Oysa cumhurbaşkanını Meclis’te milletvekilleri seçtiğinde işleri çok kolaydı. Ortalık karıştığında hiçbir partiye mensup olmayan biri seçilebiliyor, bir parti salt çoğunlukla adayını seçtirebilecek sayıda milletvekiline sahip olduğunda ‘367’ formülü gibi formüllerle önünü kesebiliyorlardı.
Aynı ayak oyunlarını halka nasıl uygulayabilsinler?
‘Boykot’ öyle bir formüldü işte. Ak Parti’nin adayını seçimde yalnız bırakmayla ve seçimi referanduma dönüştürmeyle sonuçlanacak bir formüldü ‘boykot’, ama erken afişe olması ve sağdan-soldan yükselen itirazlar onu da işlevsiz kılacağa benziyor. Daha şimdiden “Aday bile bulamadılar” diye alay etmeye başladı iktidar partisi...
Göreceksiniz, muhalefet nâmına zehir zemberek çıkış yolları keşfetmek için seferber olanlar, ‘Zihni Sinir procesi’ benzeri yeni bir formül ortaya atmakta gecikmeyeceklerdir...
Zor bir durum doğrusu muhalefetin içinde bulunduğu durum...
Çıkış yolu yok gibi...
Yoksa var mı?
Aklıma gelen, muhtemelen sizin de aklınıza gelmiştir: Bir defa olsun halka saygılı davranmak ve ülke için en doğru tercih sayılabilecek kimse, onunla halkın karşısına çıkmak... Her partide saygın, itibarlı bir-iki isim vardır mutlaka; partilerde yoksa bile, tabanın “Bizim” diyebileceği biri...

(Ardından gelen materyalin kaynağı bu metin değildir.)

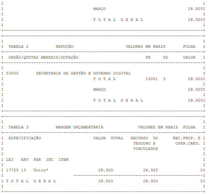 Artigo 1° - Fica aberto um crédito de R$ 28.920,00 (vinte e oito mil, novecentos e vinte reais), suplementar ao orçamento da Secretaria da Fazenda e Planejamento, observando-se as classificações Institucional, Econômica, Funcional e Programática, conforme a Tabela 1, anexa.

Partiler ayak oyunları üzerinde kafa yoracak veya kendileri namına kafa yoranlara kulak verecek yerde, en doğru tercih olduğuna inandıkları bir kişiyi adaylığa zorlayabilirler...
Hatta parti taassubunu aşıp parlak bir isim üzerinde ittifak sağlayarak, bütün ülkeyi o isim etrafında birleşmeye davet de edebilirler...
Olmaz mı?
Düşünün bakalım, neden olmasın?
Eğer olmuyorsa ve olmayacaksa, sebebi, muhalefetin de içinde yer aldığı siyaset erbabının izleyegeldiği yanlış çizgi olmasın?